Information shown =>
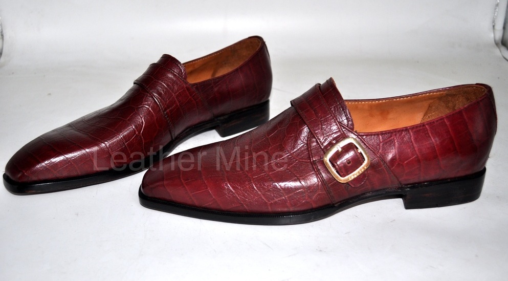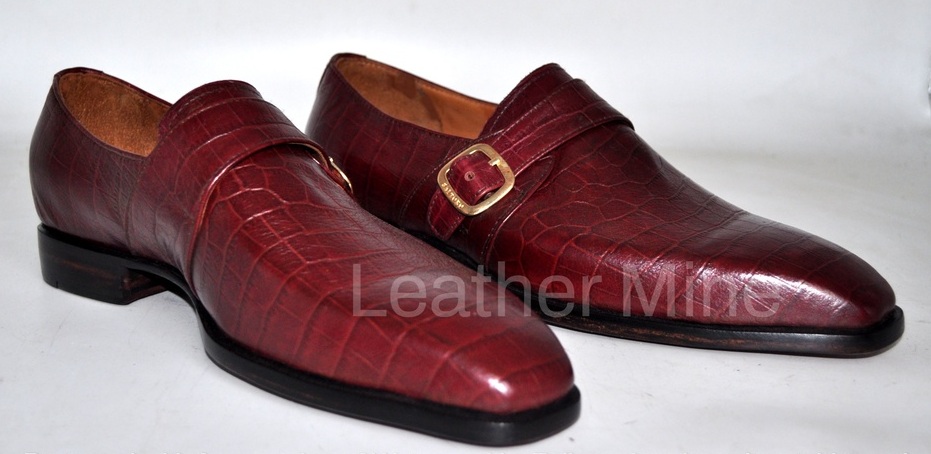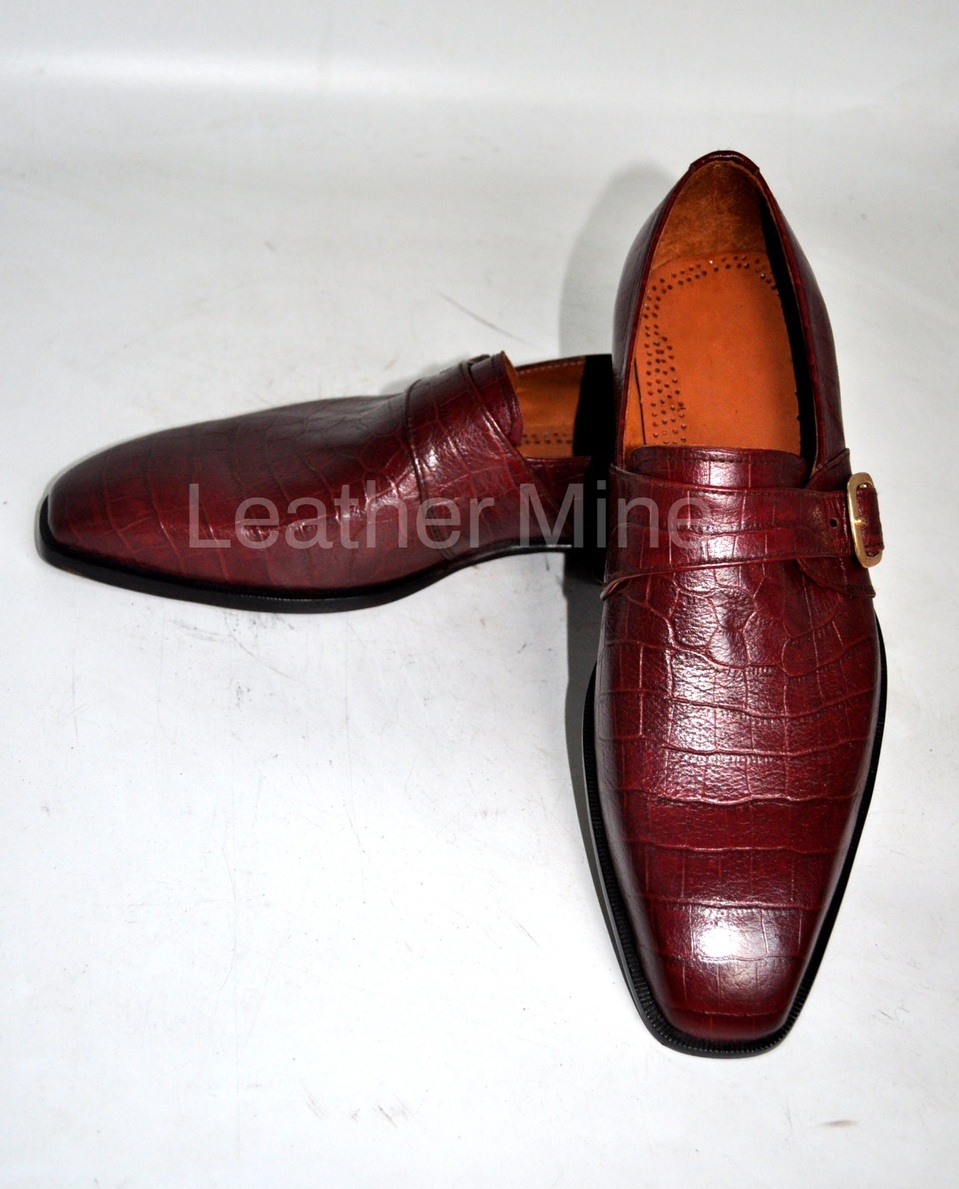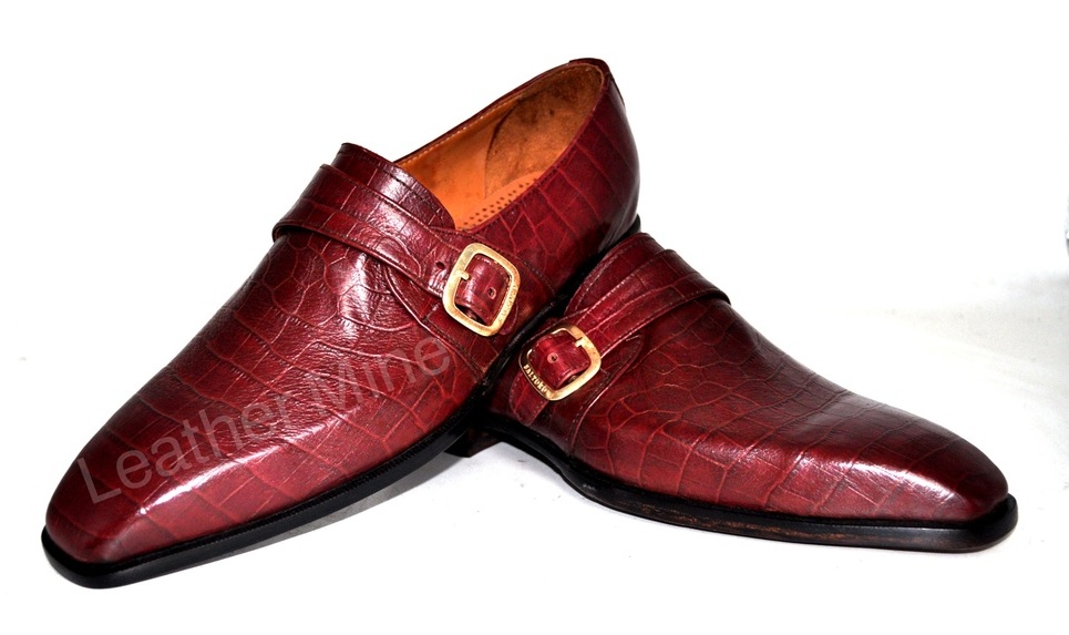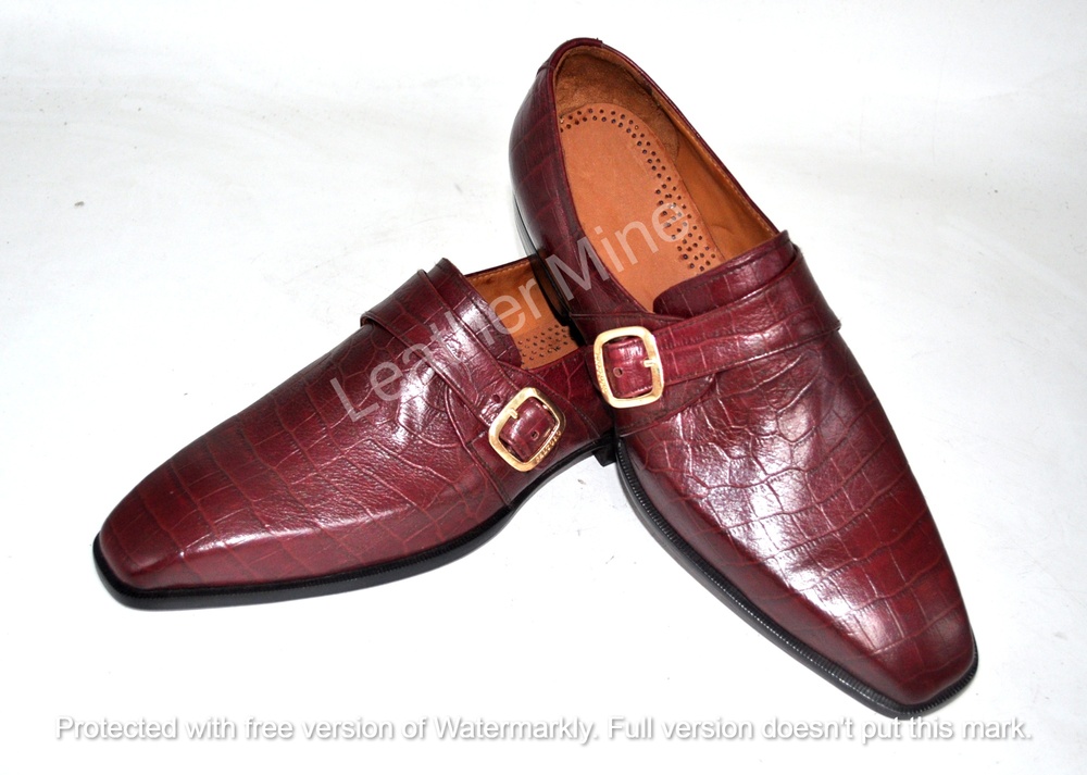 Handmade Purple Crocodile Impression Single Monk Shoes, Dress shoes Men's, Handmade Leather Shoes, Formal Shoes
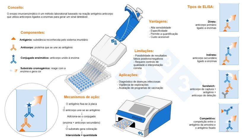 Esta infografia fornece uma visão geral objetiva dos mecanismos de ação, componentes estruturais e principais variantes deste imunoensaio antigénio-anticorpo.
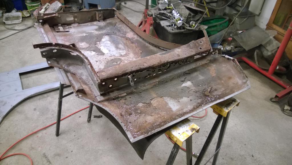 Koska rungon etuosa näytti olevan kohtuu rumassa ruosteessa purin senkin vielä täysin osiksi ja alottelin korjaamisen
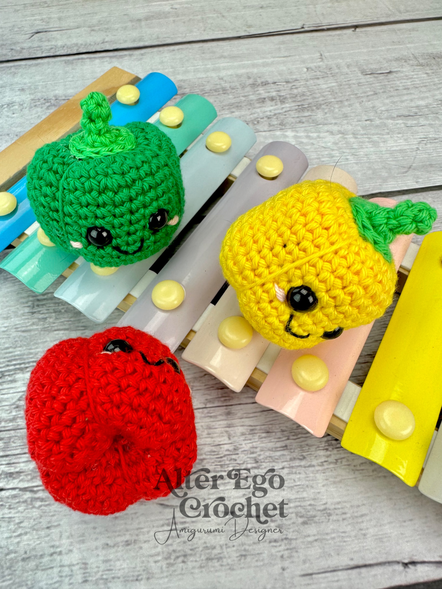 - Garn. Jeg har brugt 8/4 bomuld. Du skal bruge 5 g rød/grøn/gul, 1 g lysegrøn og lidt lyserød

What to work on => After locating the line with "Koska rungon etuosa" in the listing above, transcribe it and every line after it to the last, exactly, with no pictures.

Answer to this problem =>
 Koska rungon etuosa näytti olevan kohtuu rumassa ruosteessa purin senkin vielä täysin osiksi ja alottelin korjaamisen
 - Garn. Jeg har brugt 8/4 bomuld. Du skal bruge 5 g rød/grøn/gul, 1 g lysegrøn og lidt lyserød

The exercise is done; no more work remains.